(DATA FOR THIS EXERCISE)
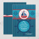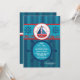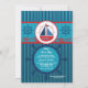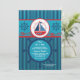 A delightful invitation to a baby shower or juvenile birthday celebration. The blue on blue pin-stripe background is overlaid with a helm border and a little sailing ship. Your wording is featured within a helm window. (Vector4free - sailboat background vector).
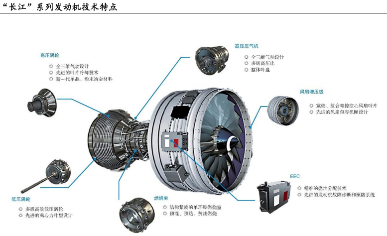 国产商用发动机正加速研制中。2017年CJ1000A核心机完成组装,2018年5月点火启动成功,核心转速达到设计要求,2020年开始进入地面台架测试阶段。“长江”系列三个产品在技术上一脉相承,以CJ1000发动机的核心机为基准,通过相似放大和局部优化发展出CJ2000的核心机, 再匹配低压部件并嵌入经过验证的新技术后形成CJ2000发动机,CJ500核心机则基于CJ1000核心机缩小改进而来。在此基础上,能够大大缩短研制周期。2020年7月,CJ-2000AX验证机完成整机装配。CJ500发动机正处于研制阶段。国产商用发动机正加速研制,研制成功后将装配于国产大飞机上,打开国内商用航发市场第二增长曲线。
(End DATA FOR THIS EXERCISE)
(DATA FOR THIS EXERCISE)
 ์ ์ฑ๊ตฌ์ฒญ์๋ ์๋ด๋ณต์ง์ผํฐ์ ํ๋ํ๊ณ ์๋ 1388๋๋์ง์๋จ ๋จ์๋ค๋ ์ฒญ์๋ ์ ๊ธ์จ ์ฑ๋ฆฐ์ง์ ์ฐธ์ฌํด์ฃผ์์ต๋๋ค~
(End DATA FOR THIS EXERCISE)
# TASK
Transcribe exactly the lines above, beginning at the one with "A delightful invitation" and going up to and including the one with "国产商用发动机正加速研制中。". Pictures do not belong in the copy.

# SOLUTION
 A delightful invitation to a baby shower or juvenile birthday celebration. The blue on blue pin-stripe background is overlaid with a helm border and a little sailing ship. Your wording is featured within a helm window. (Vector4free - sailboat background vector).
 国产商用发动机正加速研制中。2017年CJ1000A核心机完成组装,2018年5月点火启动成功,核心转速达到设计要求,2020年开始进入地面台架测试阶段。“长江”系列三个产品在技术上一脉相承,以CJ1000发动机的核心机为基准,通过相似放大和局部优化发展出CJ2000的核心机, 再匹配低压部件并嵌入经过验证的新技术后形成CJ2000发动机,CJ500核心机则基于CJ1000核心机缩小改进而来。在此基础上,能够大大缩短研制周期。2020年7月,CJ-2000AX验证机完成整机装配。CJ500发动机正处于研制阶段。国产商用发动机正加速研制,研制成功后将装配于国产大飞机上,打开国内商用航发市场第二增长曲线。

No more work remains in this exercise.